[[ DATA FOR THIS EXERCISE, beginning ]]

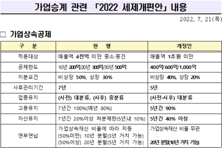 정부가 발표한 세법개정안에 따르면 가업상속공제를 활용한 기업의 사후관리기간은 7년에서 5년으로 단축된다. 고용 유지 요건은 7년간 100%에서 5년간 90%로, 자산 처분 제한율은 7년간 20%에서 5년간 40%로 완화됐다. 업종 유지 요건은 사전·사후 모두 제조업, 건설업 등과 같은 대분류 안에서 변경 가능토록 개편됐다.
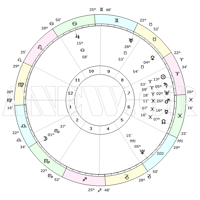 | | ΘΕΣΕΙΣ ΠΛΑΝΗΤΩΝ ΑΣΤΡΟΛΟΓΙΚΟΥ ΧΑΡΤΗ ΤΗΣ ΣΤΙΓΜΗΣ ΑΥΤΗΣ | | | | Πλανήτης | Ζώδιο | Μοίρες | Δεκαήμ. | Σε οίκο | Απόκλιση | | Ακμές των οίκων | | Ηλιος | Κριός | 13°49' | Δεύτερο | 8 | 05 N 27 | | 1ος | 07°17' | Παρθένος | | Σελήνη | Σκορπιός | 00°49' | Πρώτο | 2 | 15 S 35 | | 2ος | 01°53' | Ζυγός | | Ερμής | Ιχθείς | 16°03' | Δεύτερο | 7 | 07 S 03 | | 3ος | 01°09' | Σκορπιός | | Αφροδίτη | Ταύρος | 04°49' | Πρώτο | 9 | 12 N 48 | | 4ος | 04°06' | Τοξότης | | Αρης | Ιχθείς | 25°08' | Τρίτο | 7 | 02 S 53 | | 5ος | 07°51' | Αιγόκερως | | Δίας | Καρκίνος | 15°57' | Δεύτερο | 11 | 22 N 51 | | 6ος | 09°18' | Υδροχόος | | Κρόνος | Κριός | 05°59' | Πρώτο | 8 | 00 N 25 | | 7ος | 07°17' | Ιχθείς | | Ουρανός | Ταύρος | 28°53' | Τρίτο | 9 | 19 N 44 | | 8ος | 01°53' | Κριός | | Ποσειδώνας | Κριός | 02°18' | Πρώτο | 8 | 00 S 17 | | 9ος | 01°09' | Ταύρος | | Πλούτωνας | Υδροχόος | 05°15' | Πρώτο | 5 | 22 S 47 | | 10ος | 04°06' | Δίδυμοι | | Β. Δεσμός | Ιχθείς | 07°16' | Πρώτο | 6 | 08 S 50 | | 11ος | 07°51' | Καρκίνος | | Ωροσκόπος | Παρθένος | 07°17' | Πρώτο | | | 12ος | 09°18' | Λέων | | Μεσουράνημα | Δίδυμοι | 04°06' | Πρώτο | | | |
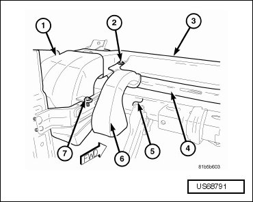 - If servicing the center distribution duct, remove the screw (7) that secures the distribution duct to the instrument panel support (5).
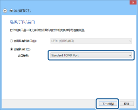 選取[建立新的連接埠],選取[標準 TCP/IP 連接埠]為連接埠類型,然後按一下[下一步]。
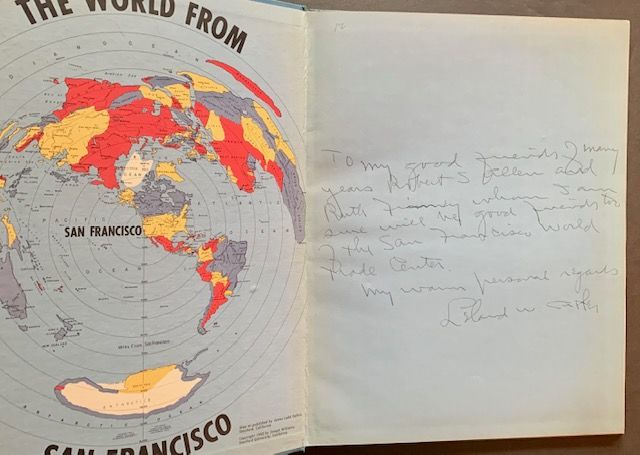 San Francisco: World Trade Center Authority, 1945. Pictorial boards. Very Good. WARMLY INSCRIBED BY LELAND CUTLER, CHAIRMAN OF THE SAN FRANCISCO WORLD TRADE CENTER AUTHORITY, on the front free endpaper. A solid copy to boot of the 1945 1st edition. Tight and VG in its light-blue boards, with mild scuffing to the rear panel and light, closed splitting along the base of the spine. Tall quarto, crisp photos and plans throughout for a project that never came to fruition.
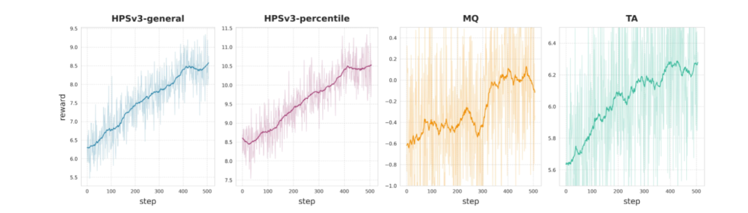 然后进行多奖励加权融合训练,避免单一奖励的过拟合和奖励欺骗问题,实现视觉、运动、对齐能力的均衡提升。
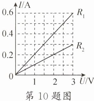 10. (内蒙古中考)如图所示为电阻$R_{1}和R_{2}的I-U$图像,由图像可知( )
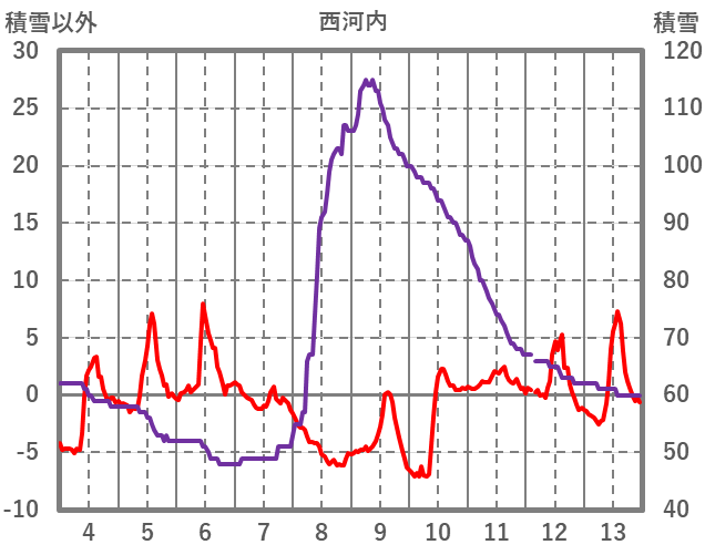 | 日 | 時 | 気温 | 降水 | 風向/風速 | 日照 | 積雪 | 降雪 |

[[ DATA FOR THIS EXERCISE, end ]]

- [INSTRUCTIONS FOR THE TASK]
Write out each entry again exactly, and skip the pictures.

- [OUTPUT BELOW]
 정부가 발표한 세법개정안에 따르면 가업상속공제를 활용한 기업의 사후관리기간은 7년에서 5년으로 단축된다. 고용 유지 요건은 7년간 100%에서 5년간 90%로, 자산 처분 제한율은 7년간 20%에서 5년간 40%로 완화됐다. 업종 유지 요건은 사전·사후 모두 제조업, 건설업 등과 같은 대분류 안에서 변경 가능토록 개편됐다.
 | | ΘΕΣΕΙΣ ΠΛΑΝΗΤΩΝ ΑΣΤΡΟΛΟΓΙΚΟΥ ΧΑΡΤΗ ΤΗΣ ΣΤΙΓΜΗΣ ΑΥΤΗΣ | | | | Πλανήτης | Ζώδιο | Μοίρες | Δεκαήμ. | Σε οίκο | Απόκλιση | | Ακμές των οίκων | | Ηλιος | Κριός | 13°49' | Δεύτερο | 8 | 05 N 27 | | 1ος | 07°17' | Παρθένος | | Σελήνη | Σκορπιός | 00°49' | Πρώτο | 2 | 15 S 35 | | 2ος | 01°53' | Ζυγός | | Ερμής | Ιχθείς | 16°03' | Δεύτερο | 7 | 07 S 03 | | 3ος | 01°09' | Σκορπιός | | Αφροδίτη | Ταύρος | 04°49' | Πρώτο | 9 | 12 N 48 | | 4ος | 04°06' | Τοξότης | | Αρης | Ιχθείς | 25°08' | Τρίτο | 7 | 02 S 53 | | 5ος | 07°51' | Αιγόκερως | | Δίας | Καρκίνος | 15°57' | Δεύτερο | 11 | 22 N 51 | | 6ος | 09°18' | Υδροχόος | | Κρόνος | Κριός | 05°59' | Πρώτο | 8 | 00 N 25 | | 7ος | 07°17' | Ιχθείς | | Ουρανός | Ταύρος | 28°53' | Τρίτο | 9 | 19 N 44 | | 8ος | 01°53' | Κριός | | Ποσειδώνας | Κριός | 02°18' | Πρώτο | 8 | 00 S 17 | | 9ος | 01°09' | Ταύρος | | Πλούτωνας | Υδροχόος | 05°15' | Πρώτο | 5 | 22 S 47 | | 10ος | 04°06' | Δίδυμοι | | Β. Δεσμός | Ιχθείς | 07°16' | Πρώτο | 6 | 08 S 50 | | 11ος | 07°51' | Καρκίνος | | Ωροσκόπος | Παρθένος | 07°17' | Πρώτο | | | 12ος | 09°18' | Λέων | | Μεσουράνημα | Δίδυμοι | 04°06' | Πρώτο | | | |
 - If servicing the center distribution duct, remove the screw (7) that secures the distribution duct to the instrument panel support (5).
 選取[建立新的連接埠],選取[標準 TCP/IP 連接埠]為連接埠類型,然後按一下[下一步]。
 San Francisco: World Trade Center Authority, 1945. Pictorial boards. Very Good. WARMLY INSCRIBED BY LELAND CUTLER, CHAIRMAN OF THE SAN FRANCISCO WORLD TRADE CENTER AUTHORITY, on the front free endpaper. A solid copy to boot of the 1945 1st edition. Tight and VG in its light-blue boards, with mild scuffing to the rear panel and light, closed splitting along the base of the spine. Tall quarto, crisp photos and plans throughout for a project that never came to fruition.
 然后进行多奖励加权融合训练,避免单一奖励的过拟合和奖励欺骗问题,实现视觉、运动、对齐能力的均衡提升。
 10. (内蒙古中考)如图所示为电阻$R_{1}和R_{2}的I-U$图像,由图像可知( )
 | 日 | 時 | 気温 | 降水 | 風向/風速 | 日照 | 積雪 | 降雪 |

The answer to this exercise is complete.